[netflow-tools] Summarisation and charting of flowd logs

Sat Mar 4 15:57:33 EST 2006

Hi,

Attached is something I cooked up this morning: a basic tool to 
summarise flowd logs and store the results in an RRD[1] database, 
and a shell script to generate charts of the results.

An example of the output is at:

http://www.mindrot.org/~djm/tmp/flows.html

(note that this URL will change once I hook a better example up to 
the flowd project page, and tidy this mail into a HOWTO).

Right now it is pretty basic: just a basic protocol breakdown across
TCP, UDP, ICMP, GRE, ESP IPsec and "other". However, the tools can
be easily extended to summarise pretty much anything you can express
in Python. Another mode of summarisation I am considering adding is
clustering flows by the "tag" that can be set in a flowd.conf filter -
so setting up summary classes is just a matter of writing a filter
specification. Please let me know what would work best for you.

Note that the main script ("flow_rrd.py") requires py-rrdtool[2]. It 
is able to read either historic flowd logs or listen for live updates 
using flowd-0.9's experimental logging socket support. 

The first mode (historical logs) is likely to be more stable; it
works like this:

./flow_rrd.py /path/to/flowd_log /path/to/database.rrd

If the RRD database doesn't already exist, then it will be created
with some reasonable defaults automatically. The database will be 
populated with summaries of whatever flows were in the log file.

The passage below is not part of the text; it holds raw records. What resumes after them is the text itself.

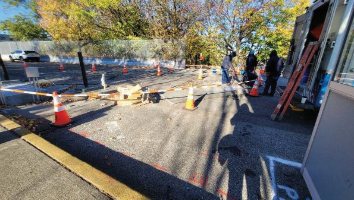
Wednesday 14 th Removing wooden box frame
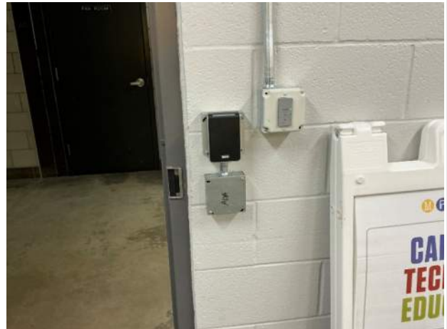
Office side card reader and ADA prep
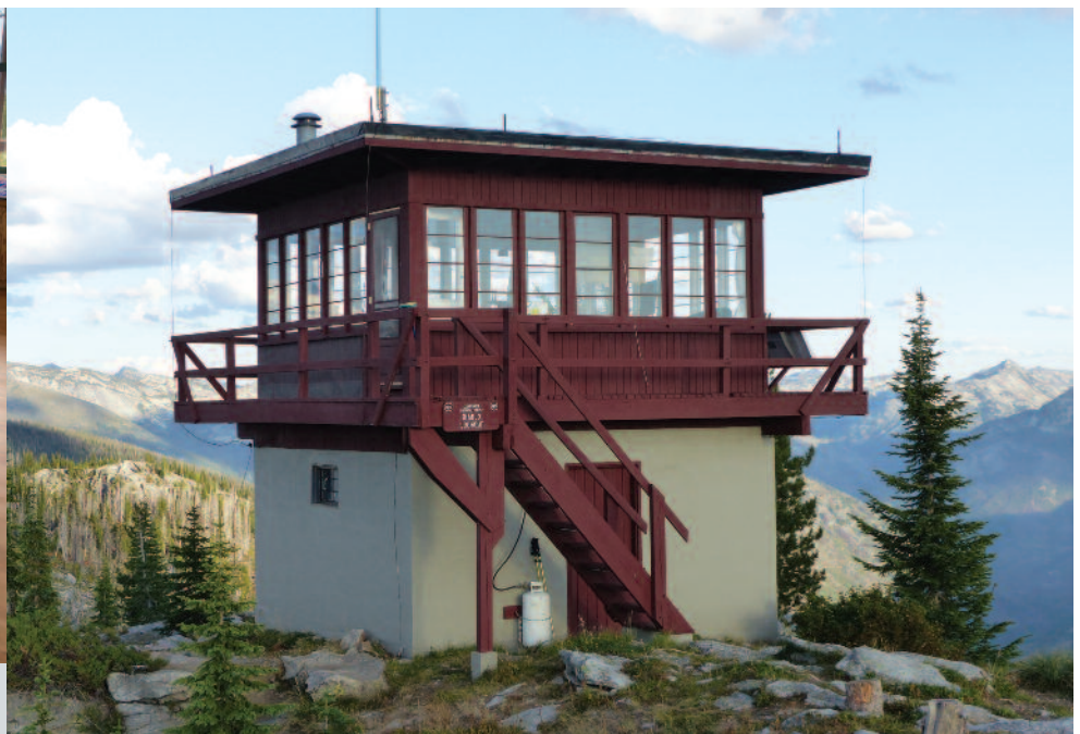
Figure 5. Exterior view of Diablo Mountain Lookout.

One document entitled "Diablo in a Nutshell" describes
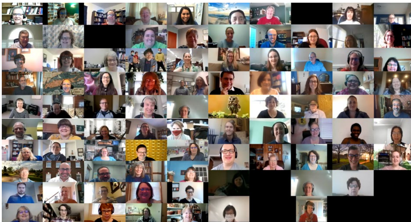
Our Brady Bunch Group Photo during the 40th Anniversary Celebration via Zoom
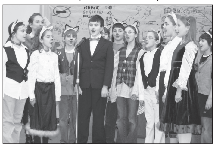
Leads from the Ellicott Elementary School production of "The Aristocats" performed live at the February Board of Education Meeting as a precursor to their performances in the school's cafetorium. The show is based on the Walt Disney animated feature.
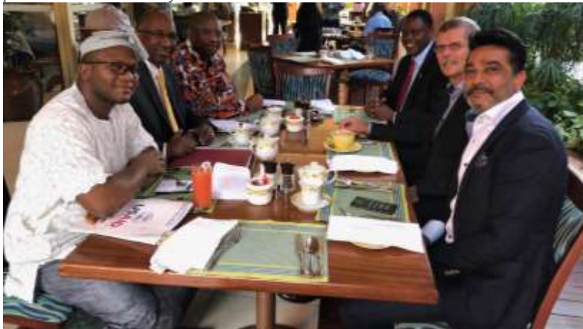
East Africa Healthcare Federation Team having a breakfast meeting during the USAID workshop
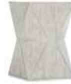
1672-50001-02 Spot Accent Table Poplar and Hardwood Solids with Pecan Veneer 16W x 16D x 24H (41 x 41 x 61 cm) shown on page 13, 14
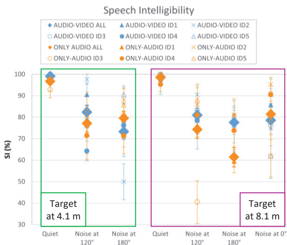
Figure 3. Average and standard error of the SI scores for all 7 scenes in case of AV and only audio test conditions for all subjects and for each single subject. Note that the mean distance from the 2 loudspeakers is considered as target distance.

Fig. 3 shows the SI percentage outcomes from the ecological tests for all 7 scenes and for both AV and only audio test conditions.
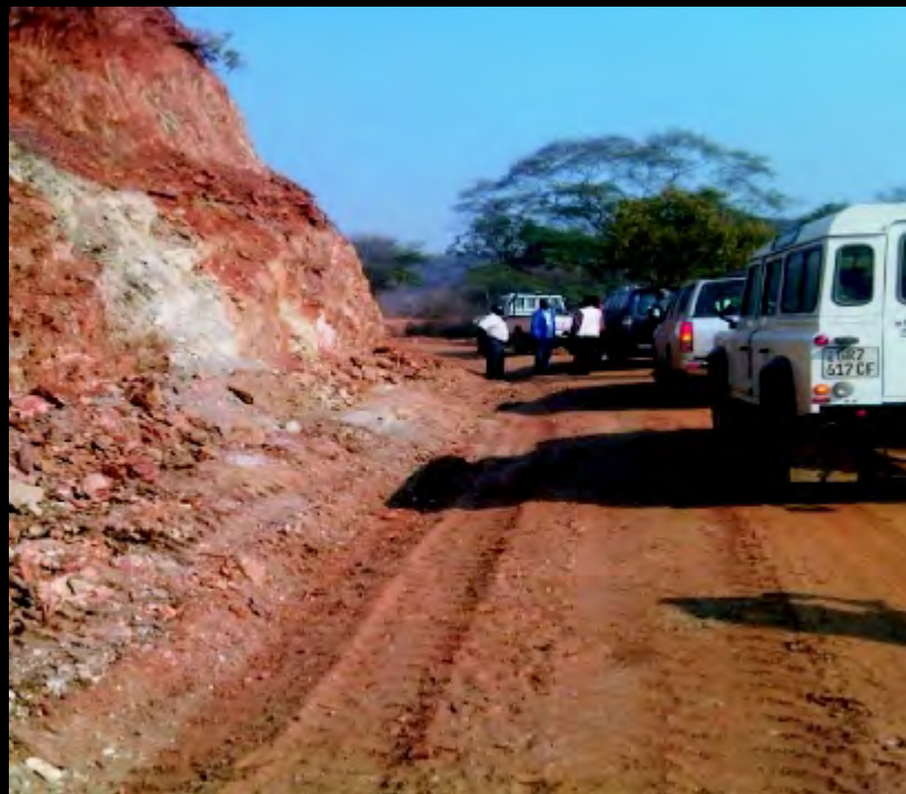
Top: Maamba Masuku Road Construction
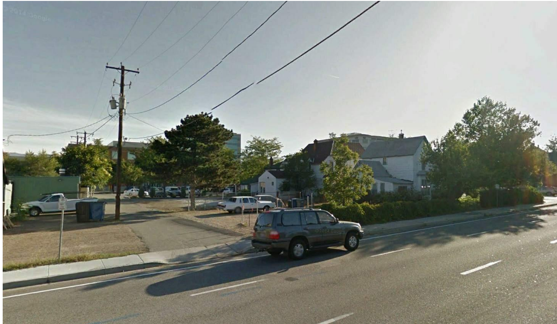
SOUTHWEST SIDE OF SITE - MYRTLE STREET - (E) STRUCTURES AND (E) ALLEYWAY
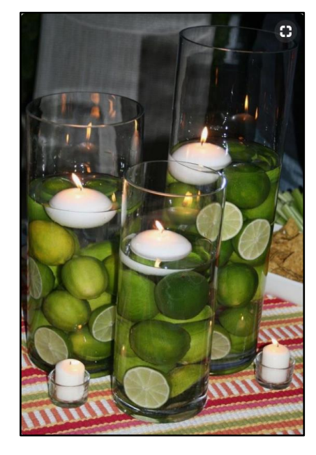
Limes in a glass vase with floating Candle!
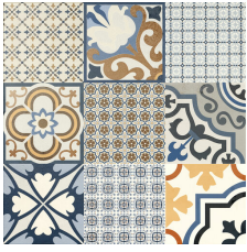
LOGOS AZUL 10,0000 22,8"X22,8"
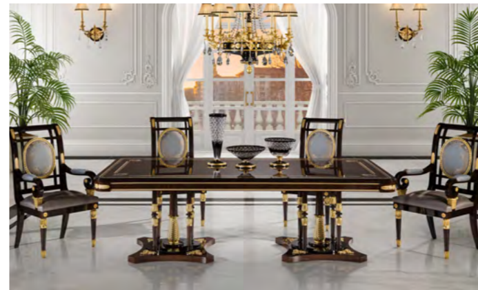
3. RIVOLI (page 42)
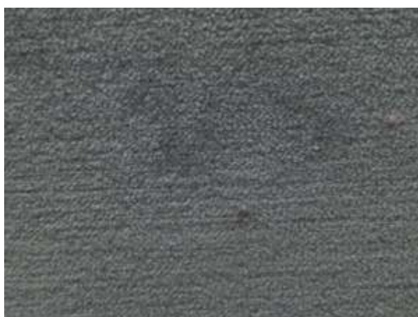
KENZI | 928
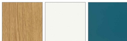
MFC: Oak, White and Petrol
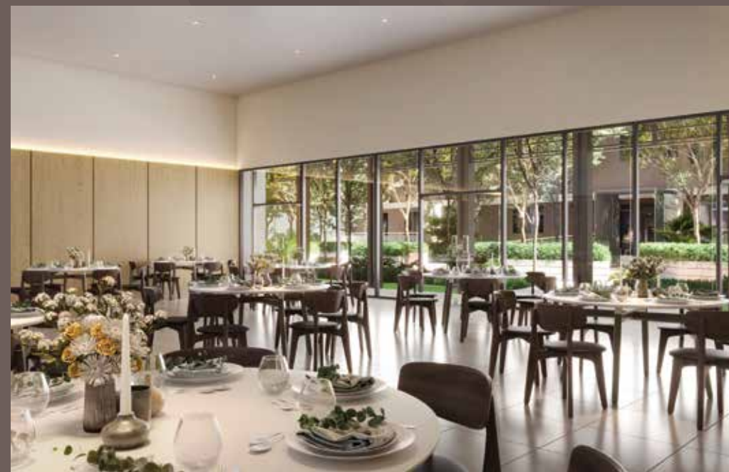
Chic and stylish convenience: space for you to play host 时尚优雅又便利：善尽主人之谊
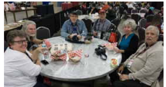
Some of our members enjoying a meal at the ImagingUSA Expo in San Antonio
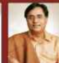
Jagjit Singh DAV College Jalandhar
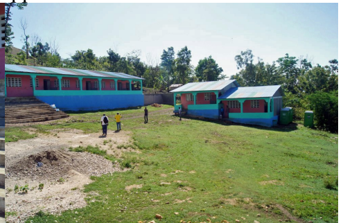
to East: most of classrooms
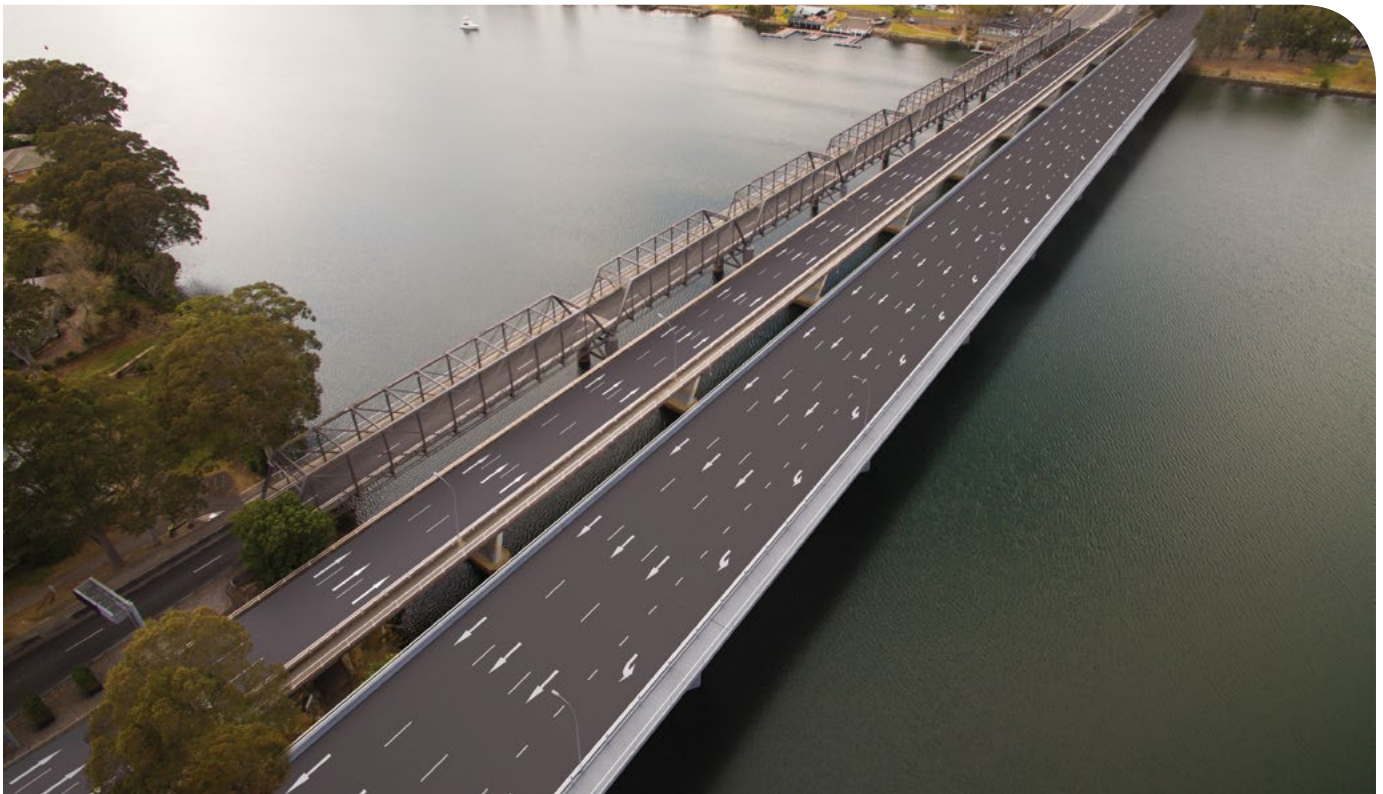
Artist's impression - Perspective of the new four lane bridge over the Shoalhaven River - view from the north west side of the river

Feedback received will be considered to finalise the concept design and prepare environmental assessment for the project.
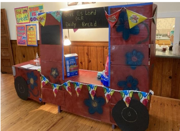
The Food Truck In the Fellowship Hall
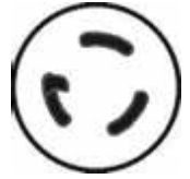
Nema L6-30 Twist
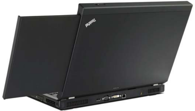
Lenovo ThinkPad W701ds
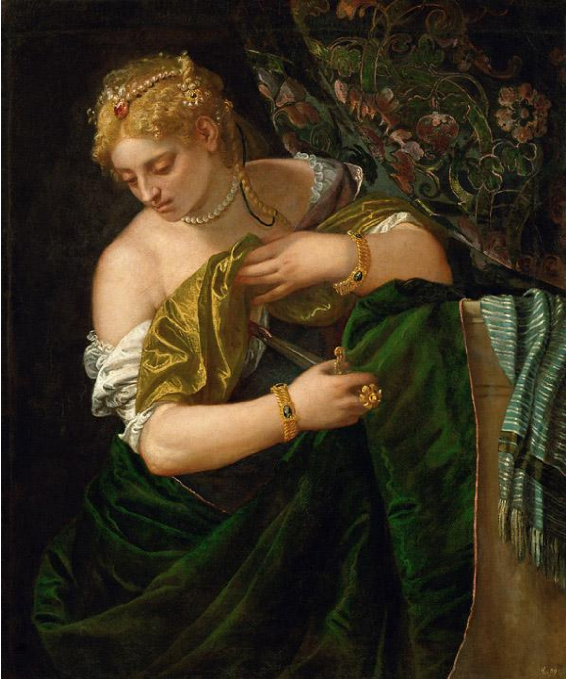
Figure 7. Paolo Veronese, Lucretia (ca. 1580-83, Vienna, Kunsthistorisches Museum).

Once the RRD database has been created and filled in, it can be 
graphed using the "plot.sh" script, like this:

./plot.sh /path/to/database.rrd /output/directory/for/images/

This script will create daily, weekly, monthly and yearly images
showing flows-per-second, bytes-per-second and packets-per-second.
The HTML files in the archive/CVS display these all on one page.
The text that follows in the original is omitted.